Una docena de profesionales y técnicos de la Comunidad de Madrid participa en un programa internacional de formación en Portugal para conocer nuevas técnicas de olivicultura e impulsar la innovación en el sector
La innovación también se aprende sobre el terreno. Por eso, una docena de profesionales y técnicos de la Comunidad de Madrid participa estos días en un programa internacional de formación en Portugal. El objetivo es conocer nuevas técnicas de olivicultura y aplicarlas después en el campo madrileño.
La iniciativa está organizada por el Instituto Madrileño de Investigación y Desarrollo Rural, Agrario y Alimentario (IMIDRA).
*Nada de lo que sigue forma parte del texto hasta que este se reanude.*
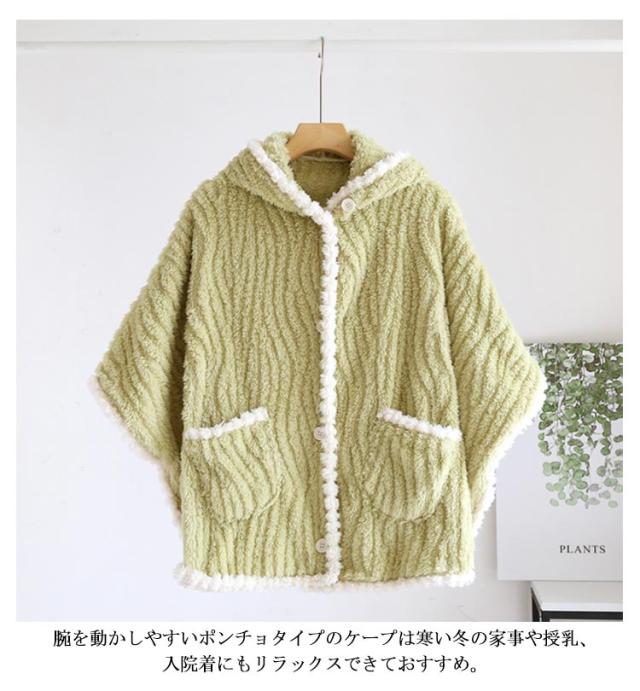 | 軽くてあったか!リラックスタイムにぴったり♪ 起毛でぽかぽか暖かい空気を逃がさず、さっと羽織るだけで暖かい。 ゆったりビッグシルエットで、軽くてサッと羽織るだけのケープは、家事やデスクワーク、趣味のくつろぎタイムにも手軽に使えて重宝。 腕を動かしやすいポンチョタイプのケープは寒い冬の家事や授乳、入院着にもリラックスできておすすめ。 ポケットは左右にあり、小物を入れたり何かと便利。 ご自宅で水洗い可能で、いつでも清潔に、とても便利。 | |
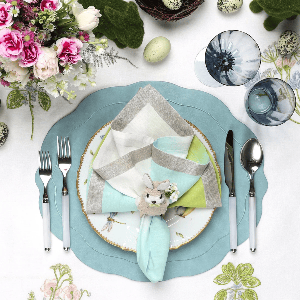 For a playful yet sophisticated nod to the holiday, skip the generic napkin rings and try the “Bunny Ear” fold. Fold a high-quality linen napkin into a long strip, wrap it around a single decorative egg (ceramic or chocolate), and pull the ends through a simple gold or wooden ring to create upright “ears.”
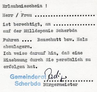 Bis 1991 war mit solchen Erlaubnisscheinen die Nutzung der gemeindeeigenen Mülldeponie gestattet
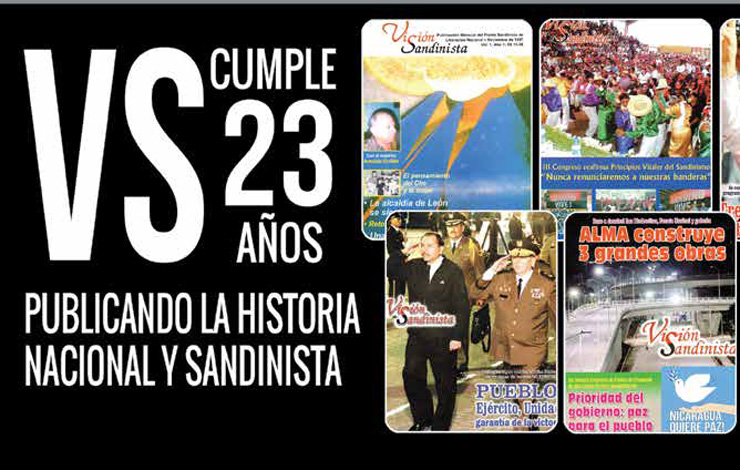 Con esta edición No.307, la Revista Visión Sandinista está cumpliendo 23 años de publicación impresa y -desde hace algún tiempo- electrónica sin variar ni un ápice de la misión y objetivos que se propusieron la Dirección y el Consejo Editorial cuando salió el primer número en noviembre de 1997: ser un medio de comunicación donde se expone la realidad nacional desde la visión del Frente Sandinista, e internacional desde la óptica de la izquierda.
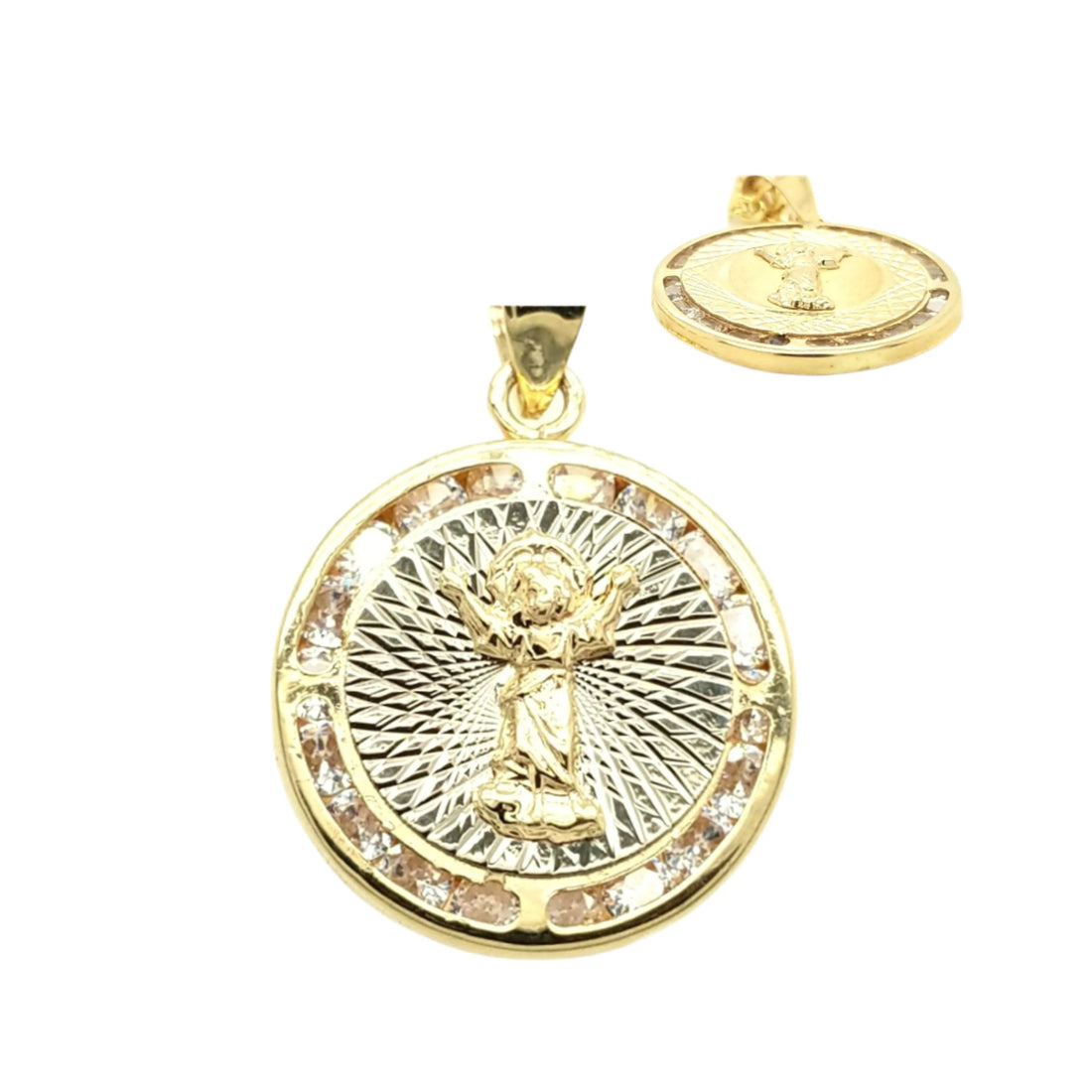 14K Gold Divine Child Baby Divino Nino Jesus Medallion Round Pendant
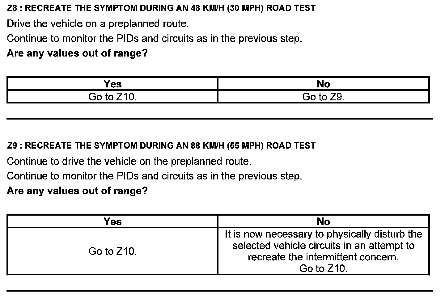 Test Z: Intermittent
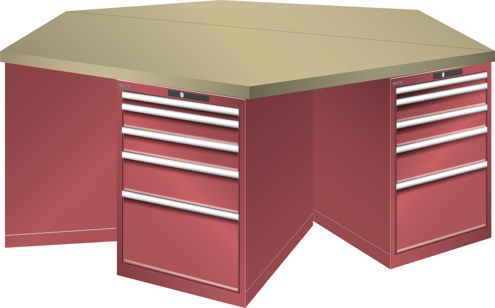 Hexagonal Workbench 27x36E (WxDxH) 2500x2165x840mm 6 x 5 drawers (1x50/2x100/1x150/1x300) 75kg Multiplex AUTO Lock Flame red RAL 3000
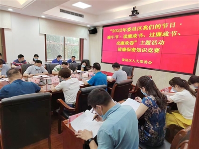6月2日,娄星区人大机关举办“我们的节日”——“读清廉书·交清廉卷·过清廉节”廉政、保密知识竞赛活动,对机关干部了解和掌握《中国共产党纪律处分条例》《中国共产党廉洁自律准则》、保密知识等进行测试,以增强干部的廉洁意识和保密意识。

Además, coincide con la celebración del II Congreso Mundial del Aceite de Oliva, que tendrá lugar los días 2 y 3 de julio en Lisboa. Los participantes han sido seleccionados por la Cámara Agraria de Madrid y asistirán a jornadas técnicas, talleres, visitas y encuentros con especialistas del sector.

Durante esta estancia conocerán centros de investigación especializados en olivicultura. También descubrirán nuevas soluciones para la sanidad vegetal. Asimismo, visitarán cooperativas y almazaras portuguesas para intercambiar experiencias sobre producción, innovación y calidad del aceite de oliva.
Todo ese aprendizaje permitirá reforzar el olivar madrileño. Además, facilitará la incorporación de nuevas técnicas y contribuirá a mejorar la competitividad de las explotaciones. De esta forma, el sector estará mejor preparado para afrontar los retos del futuro.
Esta acción forma parte del programa de intercambio de conocimientos internacionales incluido en el Plan de Dinamización del Sector Primario de la Comunidad de Madrid. Entre sus objetivos destacan el relevo generacional y el apoyo a los jóvenes agricultores y ganaderos que quieren desarrollar su futuro profesional en el medio rural.
No es la primera vez que se desarrolla esta iniciativa. En ediciones anteriores, profesionales madrileños visitaron explotaciones, cooperativas y centros de investigación de Francia relacionados con la ganadería y el sector vitivinícola. Gracias a estas experiencias, el campo madrileño ha incorporado nuevas técnicas, ha avanzado en la digitalización y ha reforzado la profesionalización de sus explotaciones.
El intercambio de conocimientos es una herramienta fundamental para que el olivar madrileño siga creciendo. Aprender de otras regiones, compartir experiencias y conocer nuevas formas de trabajar ayuda a construir un sector más innovador, competitivo y preparado para el futuro.